The answer to your question is: yes, I do use huge pages because I don't
want to waste memory on page tables. Also, huge pages aren't swapped or
paged, handling of huge pages is much simpler. You're reducing your OS
overhead by using huge pages.

On a IBM server that has between 100 and 200 GB RAM, I would urge
management to license VLM ("Very Large Memory") option which allows me to
have 32K blocks and allocate at least half of the memory for SGA. I would
then call Connor McDonald to try getting bad BCHR on that machine.


--
http://mgogala.freehostia.com
From: joel garry on
On Feb 1, 5:19 pm, vsevolod afanassiev <vsevolod.afanass...(a)gmail.com>
wrote:
> Thanks for responding.

You're welcome. Just noticed this:
http://hoopercharles.wordpress.com/2010/01/31/faulty-quotes-5-block-sizes/

>
> Let's say there is no RAC, only standalone instances.
>
> Of course "start from something and then iterate" is the best approach
> available.
> However it is not very practical as:
> 1. Changing SGA_MAX_SIZE requires outage.
> 2. We found that on heavily loaded system dynamic changes of
> DB_CACHE_SIZE don't work very well.
> For example when we tried to resize DB_CACHE_SIZE from 20 GB to 30 GB
> it took almost an hour.
> During this time database experienced heavy waits on 'log file sync' -
> but there were no log switches
> and few transactions.

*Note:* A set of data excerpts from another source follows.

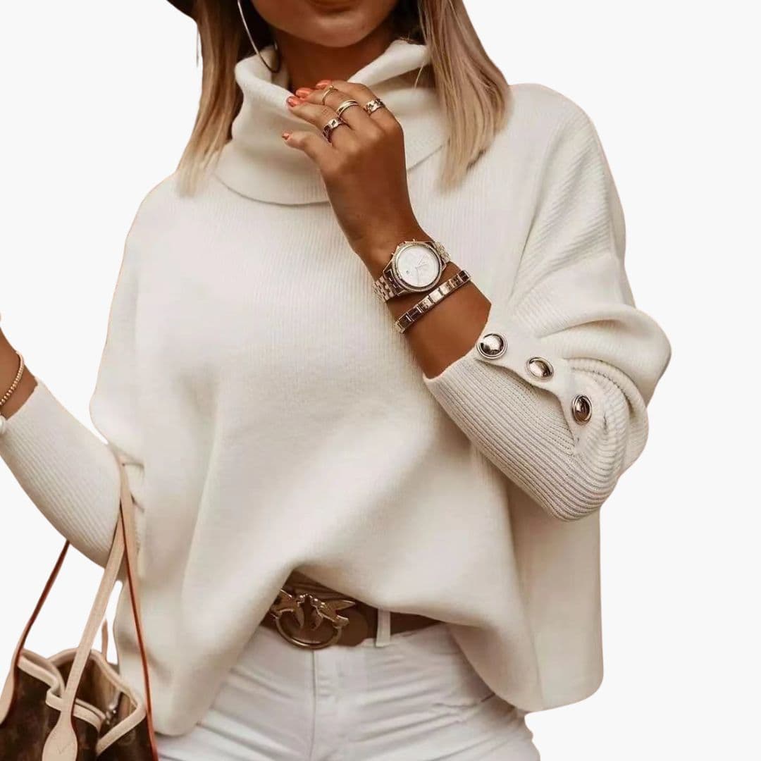Tässä naisten pooloneuleessa on pitkät hihat, ja sen erottuvana piirteenä on resorineulos sekä korkea kaulus. Suora leikkaus ja ilman suljinta oleva viimeistely luovat siistin mallin, joka sopii monenlaisiin tilaisuuksiin. Hihansuut on koristeltu metallisilla napeilla, jotka antavat erottuvan visuaalisen ilmeen. Tämä malli vedetään päälle ilman suljinta, ja se sopii yhdistettäväksi farkkujen, housujen tai hameen kanssa erilaisiin arkiasuihin.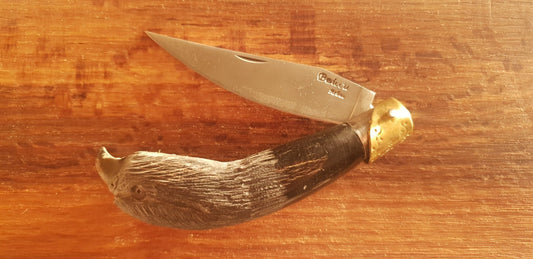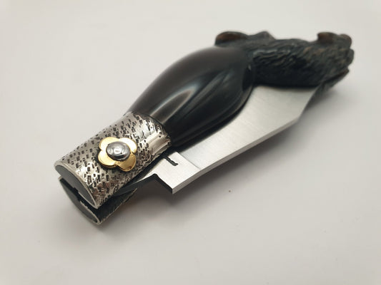 Coltello scultura cinghiale, manico bufalo, 23 cm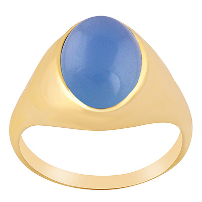 Home | Fashion Rings | Brass Men's Rings | Alluring Bold Band Around Blue Chalcedony Oval Shape Solid Brass Men's Ring

When we tried to reisize back to 20 GB the
> instance crashed. This was 9.2.0.8.
> 3. We would rather avoid significant changes (e.g. increasing
> DB_CACHE_SIZE from 20 GB to 40 GB),
> this means that we need to go in small steps (20, 24, 28, 32, etc).
> But this is time-consuming.
> Many systems are on weekly/monthly cycle (i.e. certain batch job run
> once per month),
> so we'll have to wait one month to see the results. By that time the
> data may change.

Thanks for the real data points. Practicality usually wins.

jg
--
@home.com is bogus.
http://www.cleveland.com/living/index.ssf/2010/02/bill_watterson_creator_of_belo.html
From: vsevolod afanassiev on
Linux is a bit different as there is no direct I/O (as far as I know),
unless you use raw devices or ASM.
So memory that doesn't get allocated to SGA will be used for
filesystem buffer cache.

You have 17 GB SGA, and db_cache_size = 8.5 GB. This leaves 8.5 GB for
shared pool,
large pool, and Java pool. Seems too much? Is ASMM enabled? I think 1
GB should be enough for shared pool in most cases.